O tema da adoção é vasto e passível de ser avaliado sob diferentes prismas. Ao abordá-lo, resvalamos em outro tema, não menos complexo, que é a formação da identidade parental do casal.
Embora, hoje em dia, as adoções possam ser efetivadas por casais com filhos e pessoas solteiras, a maior procura surge entre casais que por alguma razão, não conseguiram gerar filhos biológicos. Neste sentido, a esterilidade ou infertilidade também aparecem como questões relevantes associadas ao tema adoção e identidade.

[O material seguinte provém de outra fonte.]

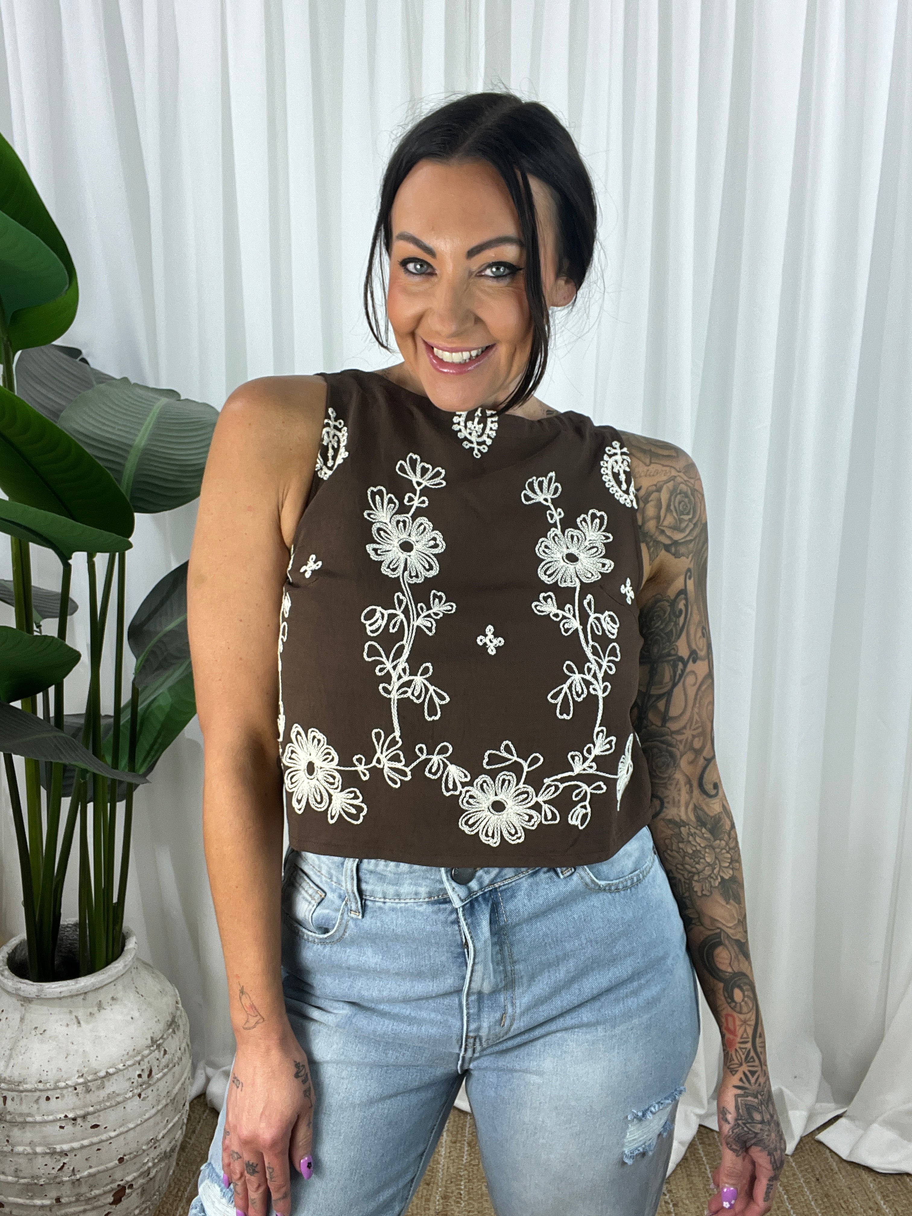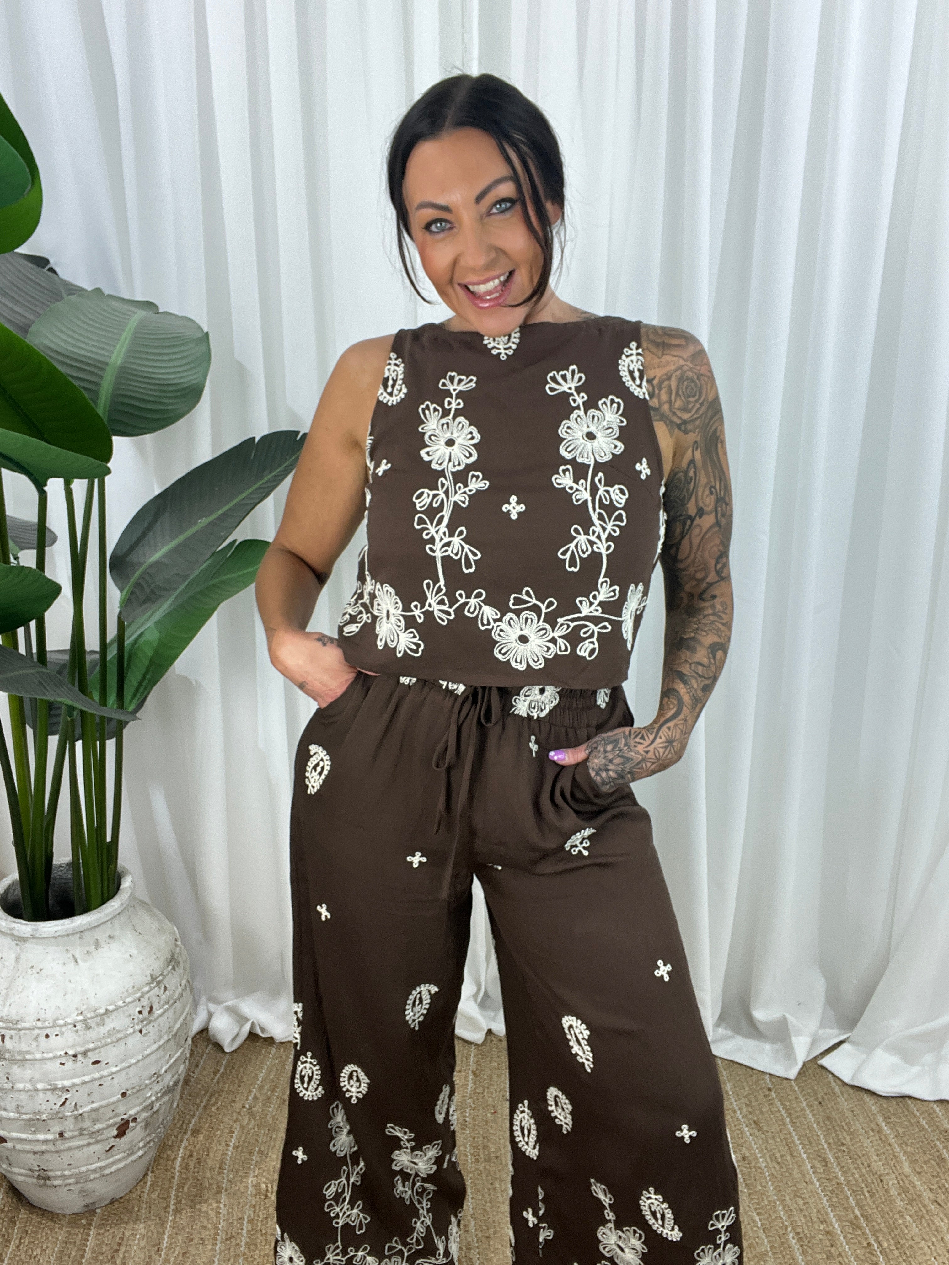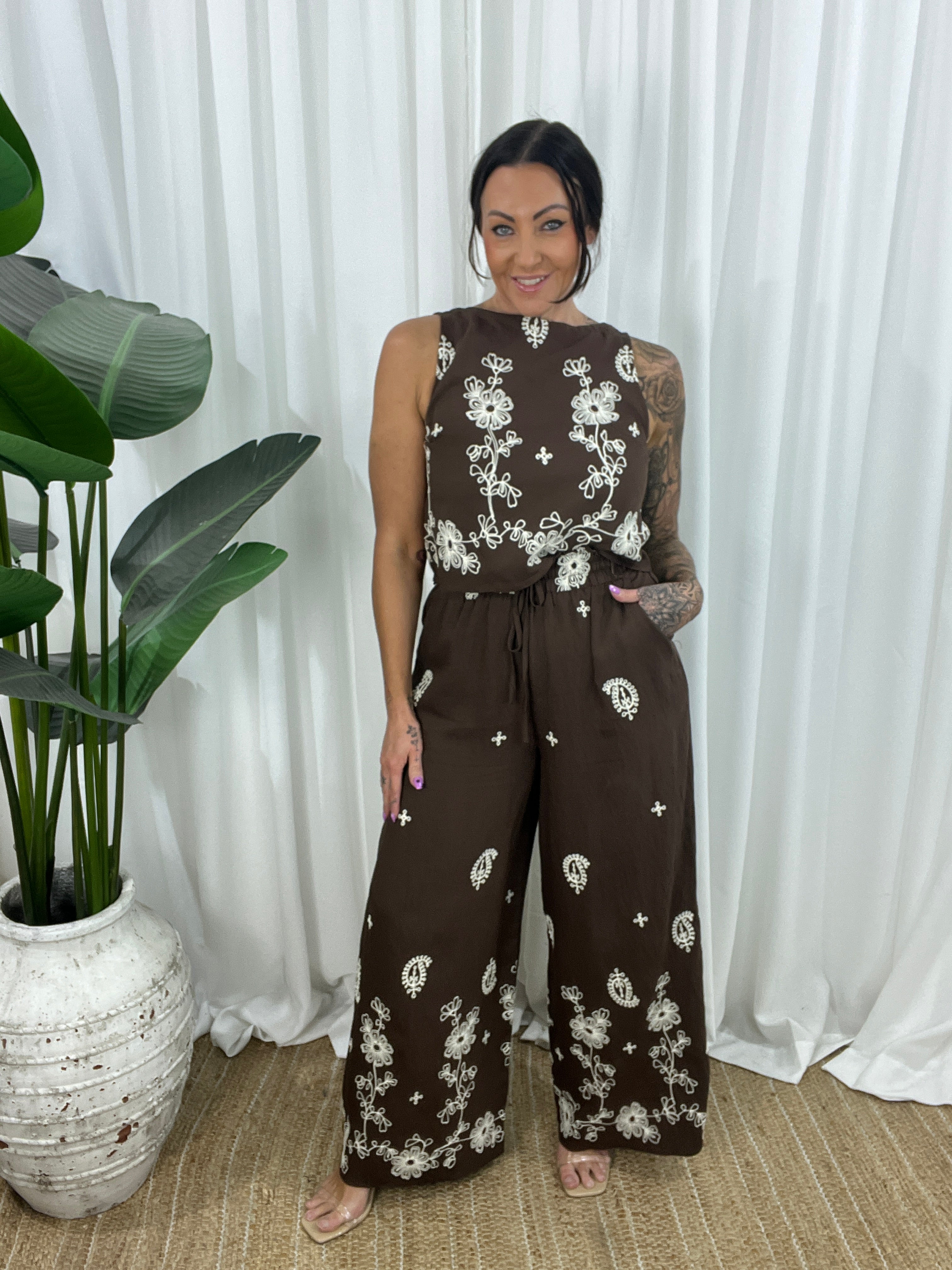 - Embroided Detail: Chovolate base with a cream embroided floral pattern

Todos sabemos, que o período de gestação oferece uma oportunidade para o casal ir se constituindo na nova identidade: a de pai e mãe. Entretanto, na adoção, esta condição é muito diferente, o que demanda do casal um processo de identificação com os novos atributos, sem muito “tempo de aquecimento”. É sobre essa passagem que pretendo refletir ao longo do trabalho.
Podemos definir identidade com base em diferentes vertentes epistemológicas. Adotarei aqui, duas definições distintas, que servirão de base para a discussão do assunto: a Psicanalítica, num enfoque subjetivo, e a Antropológica, num enfoque social.
SÍNTESE TEÓRICA
Embora a noção de identidade não seja um conceito psicanalítico, este termo é freqüentemente usado na clínica onde se fala de problemas de identidade, sentimento de identidade, perda de identidade, etc.
Entretanto, toda tentativa de tratar a questão identitária trará consigo, contradições e impasses e deverá necessariamente levar em conta a noção de identificação.
Para a psicanálise, a noção de identidade é um tanto marginal pois ela só pode ser pensada de forma dinâmica por ser dependente dos processos identificatórios: por falta de identidade, o ser humano é “condenado” à identificação.
A identidade é o “resultado consciente” dos processos inconscientes de identificação e se traduz pelo fantasma de uma síntese pontual que o sujeito é obrigado a fazer quando ele diz “eu”.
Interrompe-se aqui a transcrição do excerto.